AI Article Synopsis
- Scientists are studying brain problems called arteriovenous malformations (bAVM), but it's hard to understand because they’re rare in families, and most cases happen by chance.
- They did genetic tests on a young boy with bAVM and found 20 important gene changes, some he inherited and one that completely stopped a gene from working.

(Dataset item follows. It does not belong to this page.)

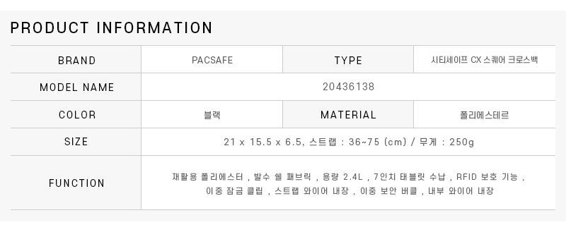 Product Name: Pacsafe Citysafe CX Square 2.4L Crossbody Bag 20436138 144701638

- The researchers used special computer tools to look at how these gene changes might be linked to bAVM, suggesting these changes could help explain how the condition develops and should be studied more.
Article Abstract
Molecular signaling that leads to brain arteriovenous malformation (bAVM) is to date elusive and this is firstly due to the low frequency of familial cases. Conversely, sporadic bAVM is the most diffuse condition and represents the main source to characterize the genetic basis of the disease. Several studies were conducted in order to detect both germ-line and somatic mutations linked to bAVM development and, in this context, next generation sequencing technologies offer a pivotal resource for the amount of outputted information. We performed whole exome sequencing on a young boy affected by sporadic bAVM. Paired-end sequencing was conducted on an Illumina platform and filtered variants were validated by Sanger sequencing. We detected 20 likely gene-disrupting variants affecting as many loci. Of these variants, 11 are inherited novel variants and one is a nonsense variant, affecting gene. Moreover, we also considered rare known variants affecting loci involved in vascular differentiation. In order to explain their possible involvement in bAVM pathogenesis, we analyzed molecular networks at Cytoscape platform. In this study we focus on some genetic point variations detected in a child affected by bAVM. Therefore, we suggest these novel affected loci as prioritized for further investigation on pathogenesis of bAVM lesions.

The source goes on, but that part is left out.